PSPG 245B: Requirements

It is important that you have the following installed on your computer before the workshop:
- R > 4.0
  - Note in Windows, please also install RTools: link
- Rstudio
  The following R packages
  
  Bioinformatics and Genomics
  1. cBioPortalData ~~cgdsr~~: An API interface to the Cancer Genomics Data Server (CGDS) which provides functions for accessing and retrieving data from the CGDS.
  2. clusterProfiler: Statistical analysis and visualization of functional profiles for genes and gene clusters.
  3. DOSE: package for Disease Ontology Semantic and Enrichment analysis.
  4. org.Hs.eg.db: Genome wide annotation for Human, primarily based on mapping using Entrez Gene identifiers.
  5. qpcR: functions for qPCR.
  Data Visualization
  1. ggplot2: creating graphics, based on The Grammar of Graphics.

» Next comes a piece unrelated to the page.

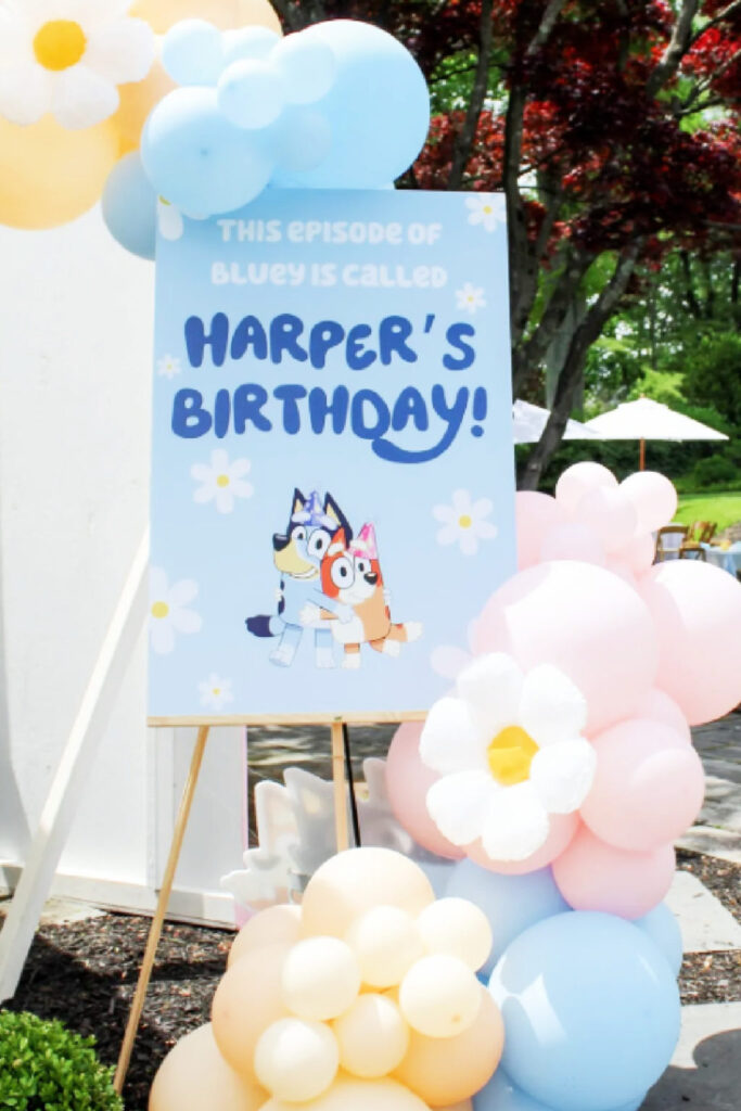 Hang a colorful “Welcome to Bluey’s Party” poster with paw prints and tennis balls. Prop on an easel with flowers for a cheerful, inviting entrance.

  2. VennDiagram: Generates Venn and Euler plots.
  3. gridExtra: Provides functions to arrange multiple grid-based plots on a page.
  4. ggrepel: Provides geoms for ggplot2 to repel overlapping text labels.
  5. ggpubr: 'ggplot2' Based Publication Ready Plots.
  Data Manipulation and Analysis
  1. dplyr: Provides functions for the most common data manipulation.
  2. reshape2: Reshaping data.
  3. DT: Provides an interface to the JavaScript library DataTables to display R data as interactive HTML tables.
  Reporting and Documentation
  1. knitr: Provides a general-purpose tool for dynamic report generation in R using Literate Programming techniques.
  2. kableExtra: Provides complex tables with merged cells, and enhanced styles.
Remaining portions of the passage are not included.